The paper submission deadline was originally at the end of March, but it was postponed two weeks due to Covid-19. We just found out the paper has been accepted and there's now a very short turn-around to improve the paper (taking the feedback of the reviewers into account). The paper itself will be published and made available online sometime later this summer.

The paper was originally meant to be a more narrow description of the problem (researches fly too much) as well as of our project and our proposed solution (e.g. how we work to decrease CO2 emissions from flying at KTH). As we brainstormed and developed the core argument of the paper (before we actually started to write it), we realized we could reach higher and argue for something larger and more fundamental than what we originally imagined, linking the paper to the conference and to what others have previously attempted to do within the area of Computing within Limits.

A key phrase and a starting point for the paper is that a goal of the Limits community is “to impact society through the design and development of computing systems in the abundant present for use in a future of limits and/or scarcity”. The paper's argument in a nutshell is that it has proved difficult to design and develop such systems since we only have very general (and hazy) ideas about what "a future  of limits and/or scarcity" will look like. To develop systems for an unknown future is obviously hard and the alternative is that different researchers have (possibly very) different ideas about what future(s) we are aiming or heading for. It has in other words been hard to find common ground. This paper addresses that conundrum by proposing a roadmap for going from here (the present) to there (the future) in the hope that it might provide a foundation for future Limits papers. The paper was easy to write but we expect it to generate  a lot of discussions (and possibly controversy). Here is the paper abstract:

In society in general and within computing in particular, there has, and continues to be, a focus on faster, cheaper, better etc. Such perspectives clash with the fact that impeding climate change and the need for radically decreased CO2 emissions (c.f. the Paris Agreement) will have fundamental and far-reaching ramification for computing and for all other sectors of society during the coming decades.

In the call for the first Computing within Limits workshop, it was stated that “A goal of this community is to impact society through the design and development of computing systems in the abundant present for use in a future of limits and/or scarcity.” There have since been several contributions to Computing within Limits that have accepted the challenge of discussing and imagining what such systems as well as what “a future of limits and/or scarcity” could look like. Despite this, there is currently no consensus about what exactly such a future entails and the community can consequently only offer hazy ideas about exactly what systems we should strive to design and develop. The basic problem can be summed up as follows: we know that fundamental changes are necessary and will come, but we still struggle with envisioning what a post-growth/decarbonising society looks like and what computing systems need to be designed and developed for use in such futures, or, to support that transition.

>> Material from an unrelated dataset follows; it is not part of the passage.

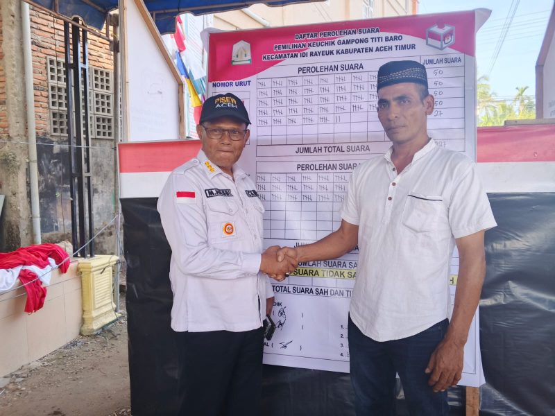 Aceh Timur – Abdul Manaf nomor urut 1 terpilih sebagai keuchik Gampong Titi Baroe, kecamatan Idi Rayeuk Kabupaten Aceh Timur.

In this paper we argue that the work of imagining an actionable “future of limits” could benefit from using the “carbon law” as a starting point. The carbon law is based on work in the environmental sciences and we exemplify how it can be used to generate requirements that can guide the development of computing systems for a future of limits. While these lessons are general, we exemplify by describing a research project that aims to support the KTH Royal Institute of Technology’s goal of - in line with the carbon law - radically reducing CO2 emissions from academic flying over the next decade. We give examples of how computing can aid in this task, including by presenting visualisation tools that we have developed to support the KTH carbon abatement goals. We also discuss the role of computer science in general and of Computing within Limits in particular in supporting the transition to a more sustainable (or at least a less unsustainable) future.